═════ Recorded information

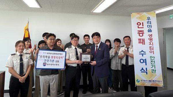 NSP통신-대구농수산물유통관리공사는 지난 24일 대구소방안전본부로부터 우리마을 생명지킴이 안전기관으로 공식 지정돼 인증패를 수여 받았다.(사진=대구농수산물유통관리공사)
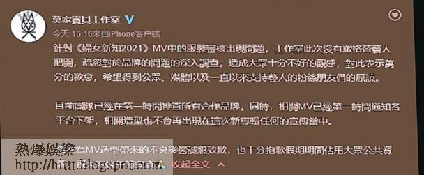 對於MV服裝品牌涉及辱華風波,Karen工作室昨日在社交平台發文道歉:「針對《婦女新知2021》MV中的服裝審核出現問題,工作室此次沒有嚴格替藝人把關,疏忽對於品牌的問題的深入調查,造成大眾十分不好的觀感,對此表示萬分的歉意。目前團隊已經在第一時間排查所有合作品牌,同時,相關MV已經第一時間通知各平台下架,相關造型也不會再出現在這次新專輯任何的宣傳當中。」而今次是歌手兼形像指導馬天佑的工作室幫Karen設計造型,他亦有在社交平台發文道歉:「本工作室旗下造型師作為此次新MV的造型設計,因考慮不周導致極其惡劣影響,對莫文蔚小姐以及大眾表示十分誠懇的歉意,對不起!」而昨晚Karen開第2場騷前,她在社交平台上載在紅館後台的短片,見她手舞足蹈,與工作人員拍手打氣,看來心情未受影響。
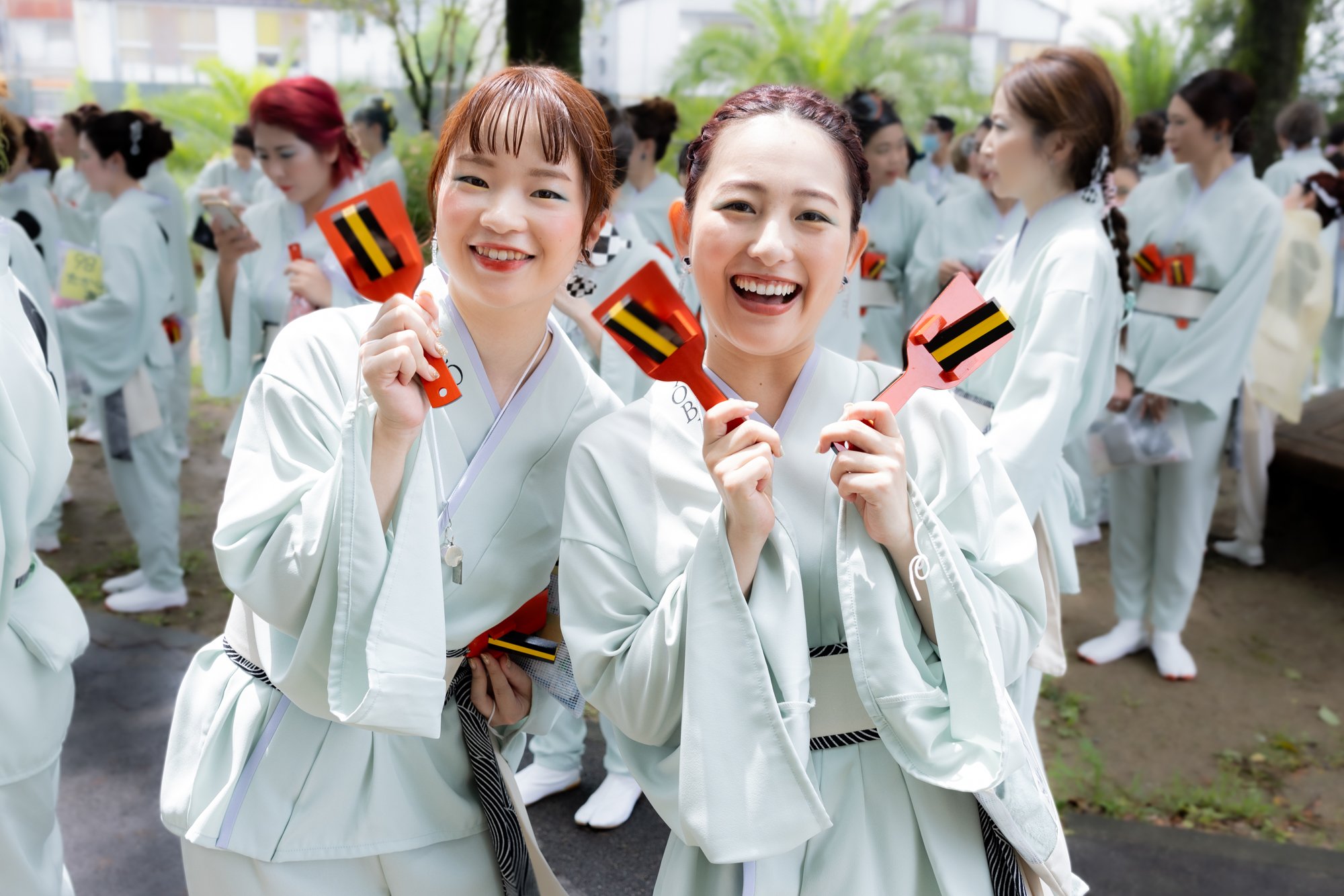 小玉:“练习方面,比起‘辛苦’,‘快乐’更重要。为了YOSAKOI而努力工作的感觉(笑)。第一次参加的时候,一开始身体很累,但是体力增加了,习惯了。正式演出虽然心里七上八下,但是大家都很期待,所以我会努力的!”

══════════

Nothing but the lines from the top of the data above through the line containing "對於MV服裝品牌涉及辱華風波" should be output, exactly as written and without the pictures.

# Exercise response
 NSP통신-대구농수산물유통관리공사는 지난 24일 대구소방안전본부로부터 우리마을 생명지킴이 안전기관으로 공식 지정돼 인증패를 수여 받았다.(사진=대구농수산물유통관리공사)
 對於MV服裝品牌涉及辱華風波,Karen工作室昨日在社交平台發文道歉:「針對《婦女新知2021》MV中的服裝審核出現問題,工作室此次沒有嚴格替藝人把關,疏忽對於品牌的問題的深入調查,造成大眾十分不好的觀感,對此表示萬分的歉意。目前團隊已經在第一時間排查所有合作品牌,同時,相關MV已經第一時間通知各平台下架,相關造型也不會再出現在這次新專輯任何的宣傳當中。」而今次是歌手兼形像指導馬天佑的工作室幫Karen設計造型,他亦有在社交平台發文道歉:「本工作室旗下造型師作為此次新MV的造型設計,因考慮不周導致極其惡劣影響,對莫文蔚小姐以及大眾表示十分誠懇的歉意,對不起!」而昨晚Karen開第2場騷前,她在社交平台上載在紅館後台的短片,見她手舞足蹈,與工作人員拍手打氣,看來心情未受影響。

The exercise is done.